▶ **Records shown**:
__________________________________________________
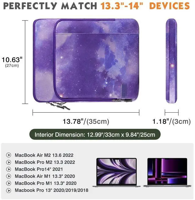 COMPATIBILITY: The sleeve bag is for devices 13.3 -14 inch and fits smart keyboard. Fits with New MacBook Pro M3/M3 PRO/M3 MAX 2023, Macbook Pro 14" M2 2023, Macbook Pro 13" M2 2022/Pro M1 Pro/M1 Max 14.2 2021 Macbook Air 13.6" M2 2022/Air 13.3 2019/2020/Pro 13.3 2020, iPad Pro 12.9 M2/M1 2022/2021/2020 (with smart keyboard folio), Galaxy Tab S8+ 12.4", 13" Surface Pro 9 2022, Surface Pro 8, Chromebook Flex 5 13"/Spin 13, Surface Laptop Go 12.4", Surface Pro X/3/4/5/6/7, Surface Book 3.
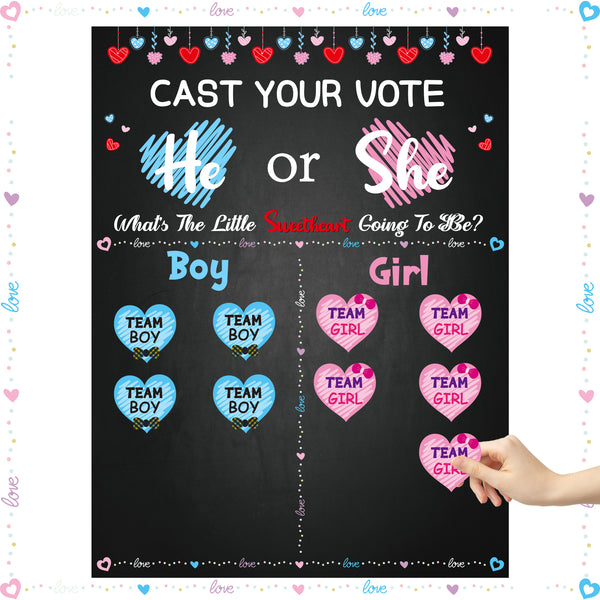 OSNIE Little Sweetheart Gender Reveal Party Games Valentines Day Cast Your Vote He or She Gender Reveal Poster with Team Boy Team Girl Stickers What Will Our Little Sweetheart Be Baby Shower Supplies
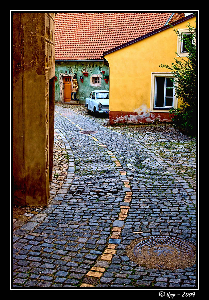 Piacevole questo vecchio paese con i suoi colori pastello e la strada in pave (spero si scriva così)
__________________________________________________
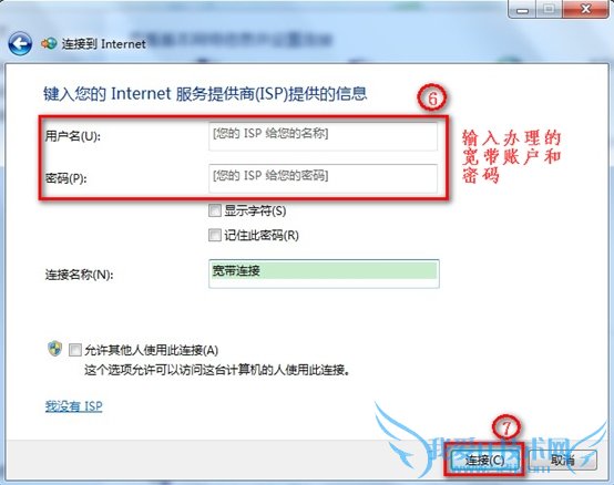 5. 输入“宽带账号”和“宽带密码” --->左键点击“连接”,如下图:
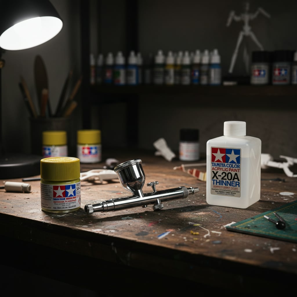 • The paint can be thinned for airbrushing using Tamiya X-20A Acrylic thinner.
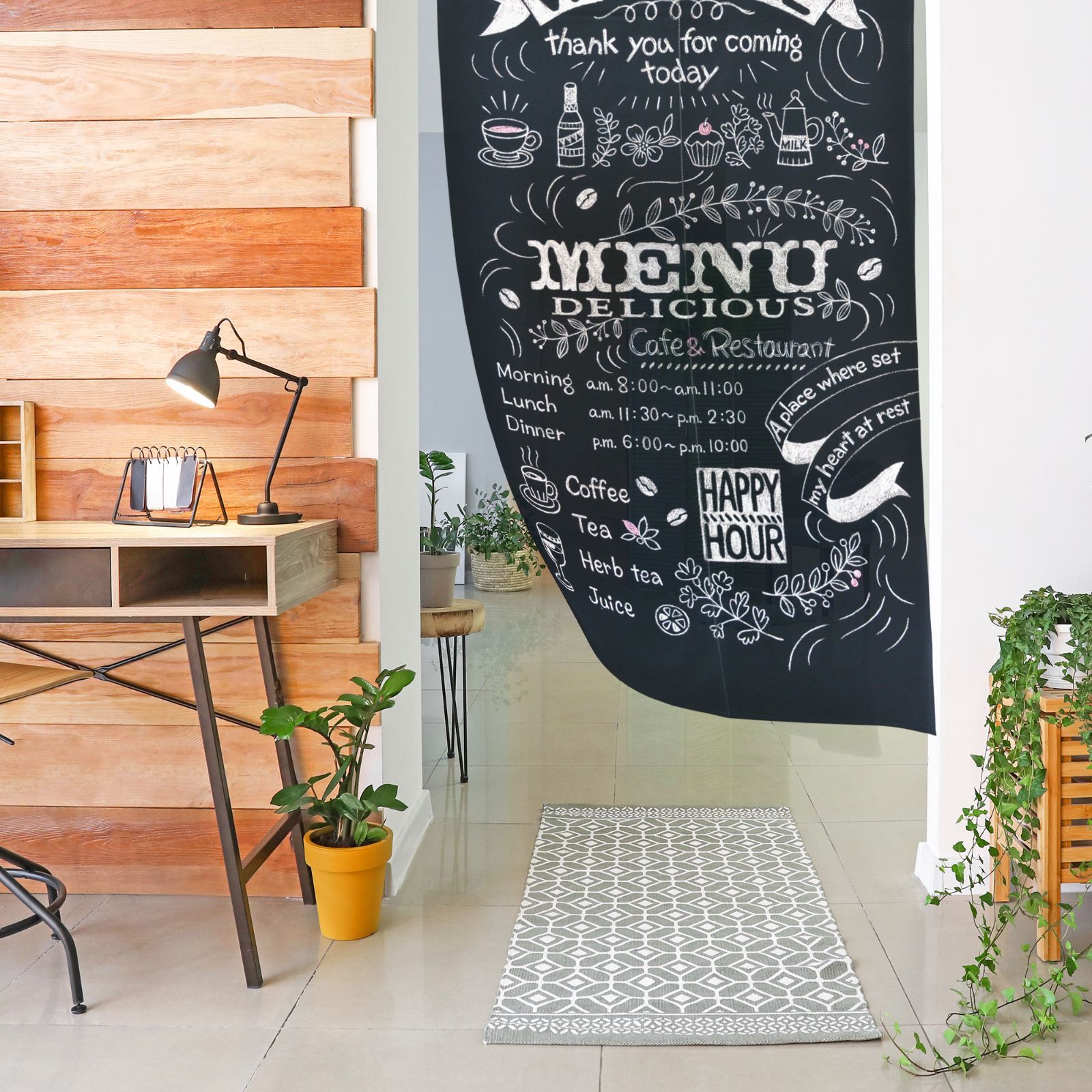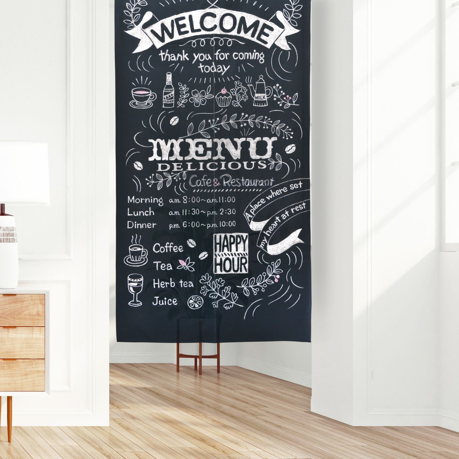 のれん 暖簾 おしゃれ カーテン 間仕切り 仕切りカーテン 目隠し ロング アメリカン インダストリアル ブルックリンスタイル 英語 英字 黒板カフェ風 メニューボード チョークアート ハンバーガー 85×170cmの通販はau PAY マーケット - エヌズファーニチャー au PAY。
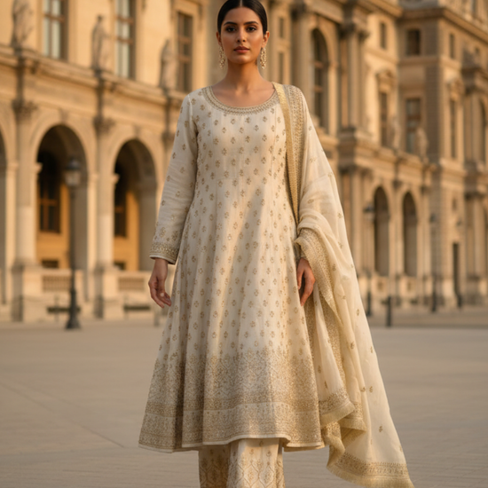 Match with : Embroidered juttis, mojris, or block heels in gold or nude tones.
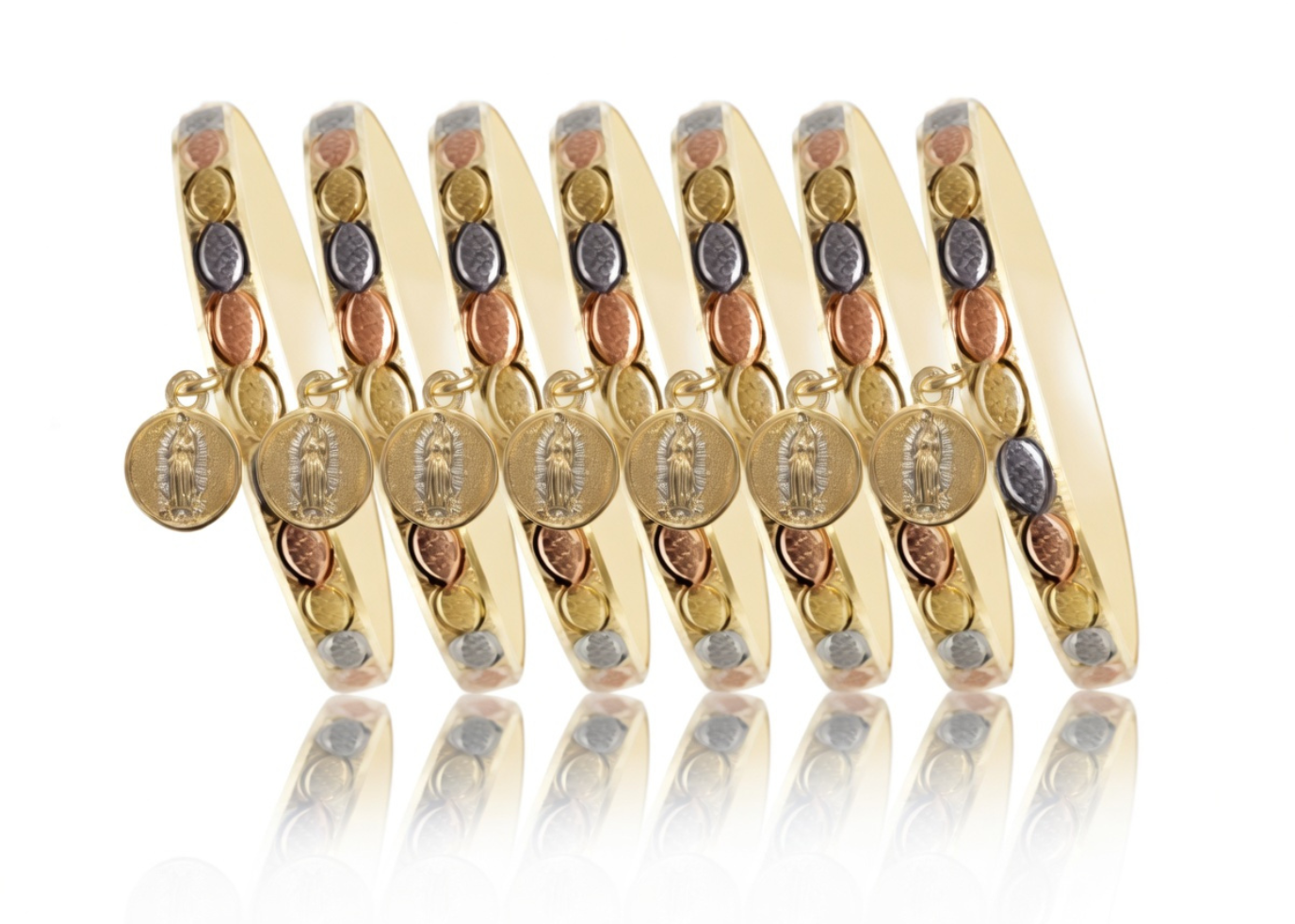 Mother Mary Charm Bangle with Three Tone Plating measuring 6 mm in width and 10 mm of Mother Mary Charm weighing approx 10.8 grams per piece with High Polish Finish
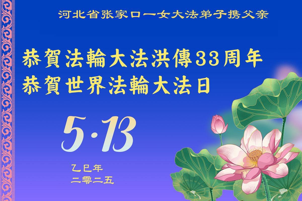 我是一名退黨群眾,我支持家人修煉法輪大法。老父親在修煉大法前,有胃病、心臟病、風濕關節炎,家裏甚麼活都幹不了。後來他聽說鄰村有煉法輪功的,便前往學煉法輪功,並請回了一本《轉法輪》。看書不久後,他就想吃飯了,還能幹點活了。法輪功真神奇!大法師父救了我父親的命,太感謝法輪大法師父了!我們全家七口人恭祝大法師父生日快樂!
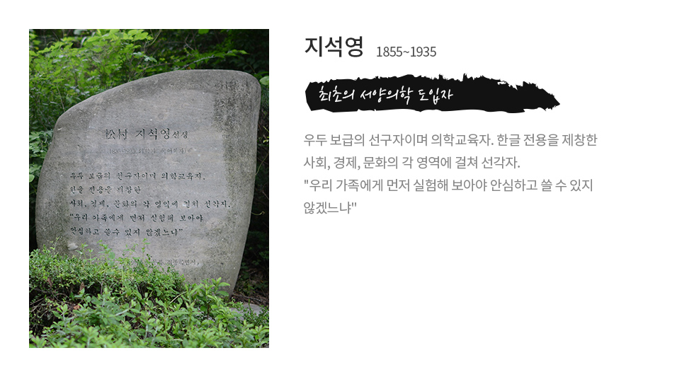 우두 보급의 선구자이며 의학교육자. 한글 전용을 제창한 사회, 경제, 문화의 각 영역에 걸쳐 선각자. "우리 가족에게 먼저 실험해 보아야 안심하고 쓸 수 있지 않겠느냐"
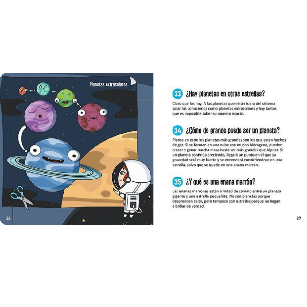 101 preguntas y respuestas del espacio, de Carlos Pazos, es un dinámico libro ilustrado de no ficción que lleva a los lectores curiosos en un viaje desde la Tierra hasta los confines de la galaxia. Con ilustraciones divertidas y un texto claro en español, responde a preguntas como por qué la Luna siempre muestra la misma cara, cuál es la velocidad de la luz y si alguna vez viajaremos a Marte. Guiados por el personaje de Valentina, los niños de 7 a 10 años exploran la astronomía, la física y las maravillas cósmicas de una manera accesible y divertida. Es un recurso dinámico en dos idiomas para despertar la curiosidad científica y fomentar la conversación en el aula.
__________________________________________________
▶ **Goal of the exercise**:
Starting at the line above with "X-20A Acrylic thinner.", output every line exactly up to and including the line with "我是一名退黨群眾,我支持家人", but none of the pictures.

▶ **Answer for the task**:
 • The paint can be thinned for airbrushing using Tamiya X-20A Acrylic thinner.
 のれん 暖簾 おしゃれ カーテン 間仕切り 仕切りカーテン 目隠し ロング アメリカン インダストリアル ブルックリンスタイル 英語 英字 黒板カフェ風 メニューボード チョークアート ハンバーガー 85×170cmの通販はau PAY マーケット - エヌズファーニチャー au PAY。
 Match with : Embroidered juttis, mojris, or block heels in gold or nude tones.
 Mother Mary Charm Bangle with Three Tone Plating measuring 6 mm in width and 10 mm of Mother Mary Charm weighing approx 10.8 grams per piece with High Polish Finish
 我是一名退黨群眾,我支持家人修煉法輪大法。老父親在修煉大法前,有胃病、心臟病、風濕關節炎,家裏甚麼活都幹不了。後來他聽說鄰村有煉法輪功的,便前往學煉法輪功,並請回了一本《轉法輪》。看書不久後,他就想吃飯了,還能幹點活了。法輪功真神奇!大法師父救了我父親的命,太感謝法輪大法師父了!我們全家七口人恭祝大法師父生日快樂!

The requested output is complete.